Germany was prepared to fight a limited land war while it still had the military and economic advantage over Russia and was prepared to encourage Austria-Hungary to bring it about. On 8 December 1912 the Kaiser told Moltke, Tirpitz and two senior admiralty officials that if Russia was ready to defend Serbia against Austria, then Germany would consider war unavoidable. Moltke: ‘the sooner the better’. On the other hand, it has been argued that all the European states had expansionist ambitions and that the 8 December meeting did not come out with detailed war plans.

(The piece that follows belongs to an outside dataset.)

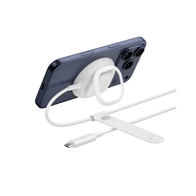 FAST CHARGE WITH THE LATEST Qi2 TECHNOLOGY: Conveniently fast charge your iPhone or Qi2 devices up to 25W on this magnetic charger. Fast charging is supported only on iOS 26 and newer, not iOS 18. MagSafe compatible for up to 5x faster wireless charging.* ULTRA-FAST CHARGING FOR YOUR IPHONE: With wireless charging now as fast as wired, this MagSafe compatible charger lets you charge iPhone from 0-50% in 29 minutes**. Plus, charge AirPods up to 5W. SNAP-ON MAGNETIC ALIGNMENT: Magnetic alignment securely snaps your phone in place for perfect, efficient, and reliable wireless charging. INTEGRATED KICKSTAND + FINGER LOOP: Enjoy hands-free streaming, video calls, or browsing with the built-in kickstand, which doubles as a finger loop to provide extra grip and security on the go, making it easier to hold and use your phone while charging. EXTRA-LONG CABLE FOR EXTENDED REACH: A built-in 6.6ft/2M tethered USB-C cable gives you the flexibility to charge and use your device comfortably from the back seat, across the couch, or at your desk without being tied to the outlet. COMPACT & TRAVEL-READY: Designed for life on the go, its slim, lightweight build slips easily into your bag, backpack, or carry-on. Perfect for travel, commuting, or everyday use, it ensures you always have a reliable charging solution wherever you go. CASE COMPATIBLE: Works with MagSafe cases up to 3mm. If your case blocks fast charging, try charging without it; if the issue is solved, switch to a MagSafe-compliant case for reliable performance. Strong magnets may also make phone removal harder. SUSTAINABLY MADE + 2-YEAR COVERAGE: This MagSafe-compatible phone charger's housing is made with recycled materials.**** And you can purchase with peace of mind, as it comes with 2-year coverage and a £ 1500 Connected Equipment Warranty.

The answer to the question of who is to blame for the war? (if there is an answer) does not answer the question of why the war happened. J. M. Roberts argues that the war arose ‘from the incapacity of Austria-Hungary to solve its domestic problems’. The over-riding factor was Austrian fear of Serbia. Because of the Magyars’ power in the Dual Monarchy Austria could not make concessions that might stave off conflict and instead its policy was to show the Serbs that they could not rely on the Russians to defend them. This meant being prepared to go to war with Russia in order to make this point. Austria was willing to go this far because she could rely on German support and Germany was prepared to back Austria because of her new interest in Turkey and her calculation that if there had to be a war, it should come sooner rather than later.
The Schlieffen Plan
The entry of France into the war was made inevitable by the plan drawn up in 1905 by the German chief of staff, Alfred von Schlieffen and arouse out of his concern that Germany could be ‘encircled’ by simultaneous attacks from France and Russia (as Frederick the Great had been). This required that if war broke out with Russia, France should be eliminated by a pre-emptive knock-out blow. Since this attack was to come through Belgium, it risked bringing Britain into the war, since Belgian independence was guaranteed by treaty.

Sarajevo and after
On 28 June 1914 Archduke Franz Ferdinand, the heir to the Austrian throne, and his wife were murdered in Sarajevo by a Bosnian Serb, Gavrilo Princip. Princip was a member of the Young Bosnians, one of a group that sought an independent Yugoslav state. Though the Serbian government was not responsible, the bombs and bullets had been provided by the head of the Serbian Intelligence Bureau, who was also head of an  ultra-nationalist organization called the Black Hand.

The assassination gave the Austro-Hungarians the excuse needed to deal with Serbia. On 23 July, egged on by Berlin, the Vienna government presented an ultimatum to Serbia that some historians believe was designed to be humiliating and to be rejected (though others think the terms were not unreasonable).

Count Leopold
Berchtold, Austrian
Foreign Minister, 1912-15
On 28 July Austria declared war on Serbia, which meant that the Russians felt bound to support their ally. On 29 July Russia ordered a partial mobilisation that became a general mobilisation the following day. It has been argued that this made war inevitable. When news reached Berlin on 31 July, Wilhelm II ordered a State of Impending War (state of preparedness before mobilisation).

On 1 August Wilhelm was told by his generals that the forces that had been prepared for a war in the west could not be redeployed on the Russian front - the Schlieffen plan had to go ahead- Germany now had to attack France. On the same day Germany declared war on Russia. On 3 August it declared war on France.

At this stage British opinion was too divided for their government to act, but on the same day the Germans invaded Belgium and on 4 August Britain declared war in Germany. On 6 August Austria-Hungary declared war on Russia.

For ninety-nine years the statesmen of Europe had attempted to avoid another general war. Now the war had come.